THE DATA
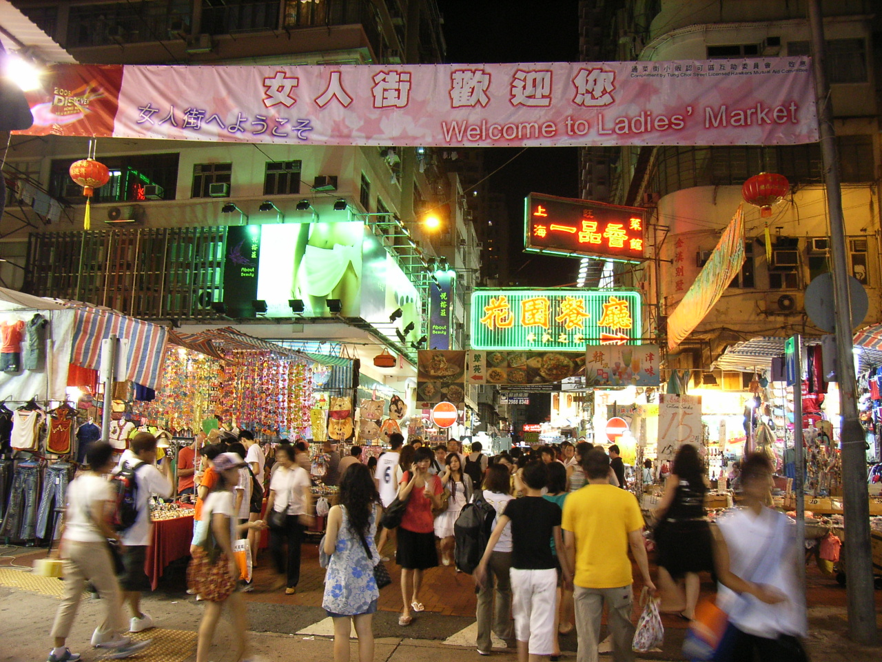 女人街的夜市。 Photo by TonySKTO
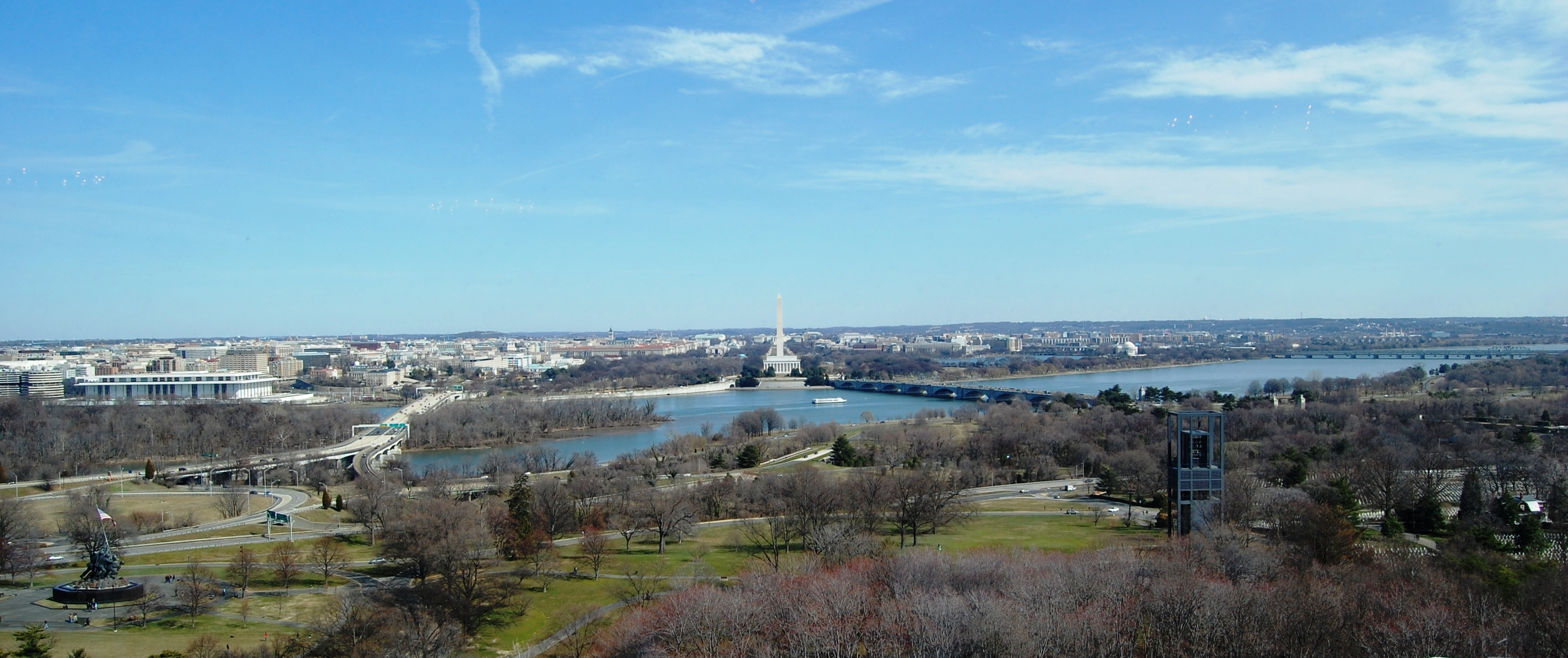 View on Washington DC from Arlington, Va, from so called "Top of the Town". Some of the visible landmarks: Iwo Jima Memorial aka Marines War Memorial (bottom left), Theodore Roosevelt Bridge (bridge on the left), Theodore Roosevelt Island, John F. Kennedy Center for the Performing Arts (across the river on the left from the bridge), Watergate complex (on the left from Kennedy Center), Washington Monument (center), Lincoln Memorial (directly in front of Washington Monument), Arlington Memorial Bridge (bridge on the right), Tidal Basin (above the bridge), Thomas Jefferson Memorial (to the right of the Basin), 14th Street Bridge (far right bridge), Netherlands Carillon (black tower up-close on the Virginia side), and Arlington Cemetery.
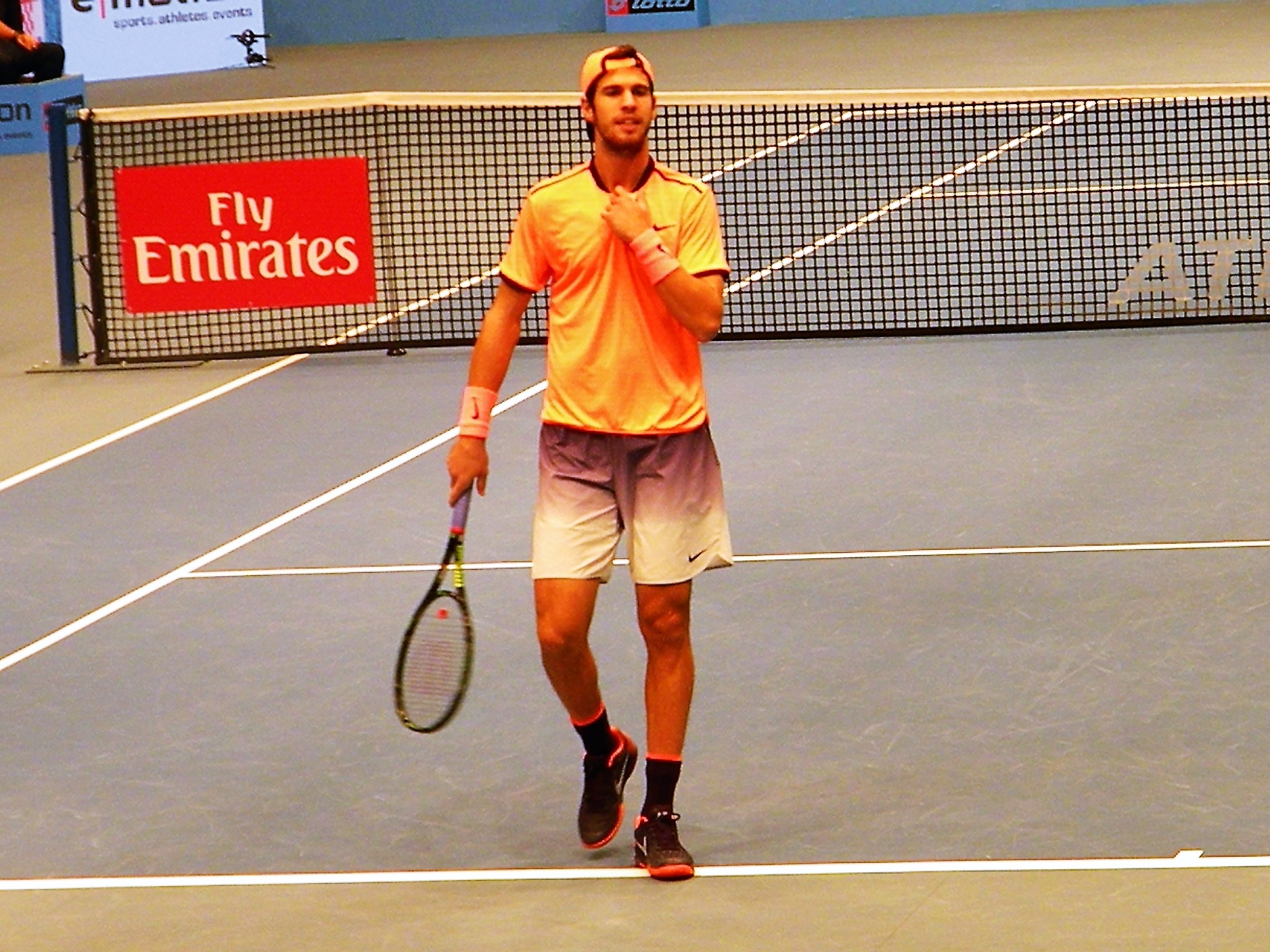 10/28/2016; Ivo Karlović (Croatia) against Karen Khachanov (Russia) 2-1; Quarterfinals

YOUR ASSIGNMENT
A verbatim rendering of the listing above is required, without any of its pictures.

ANSWER BOX
 女人街的夜市。 Photo by TonySKTO
 View on Washington DC from Arlington, Va, from so called "Top of the Town". Some of the visible landmarks: Iwo Jima Memorial aka Marines War Memorial (bottom left), Theodore Roosevelt Bridge (bridge on the left), Theodore Roosevelt Island, John F. Kennedy Center for the Performing Arts (across the river on the left from the bridge), Watergate complex (on the left from Kennedy Center), Washington Monument (center), Lincoln Memorial (directly in front of Washington Monument), Arlington Memorial Bridge (bridge on the right), Tidal Basin (above the bridge), Thomas Jefferson Memorial (to the right of the Basin), 14th Street Bridge (far right bridge), Netherlands Carillon (black tower up-close on the Virginia side), and Arlington Cemetery.
 10/28/2016; Ivo Karlović (Croatia) against Karen Khachanov (Russia) 2-1; Quarterfinals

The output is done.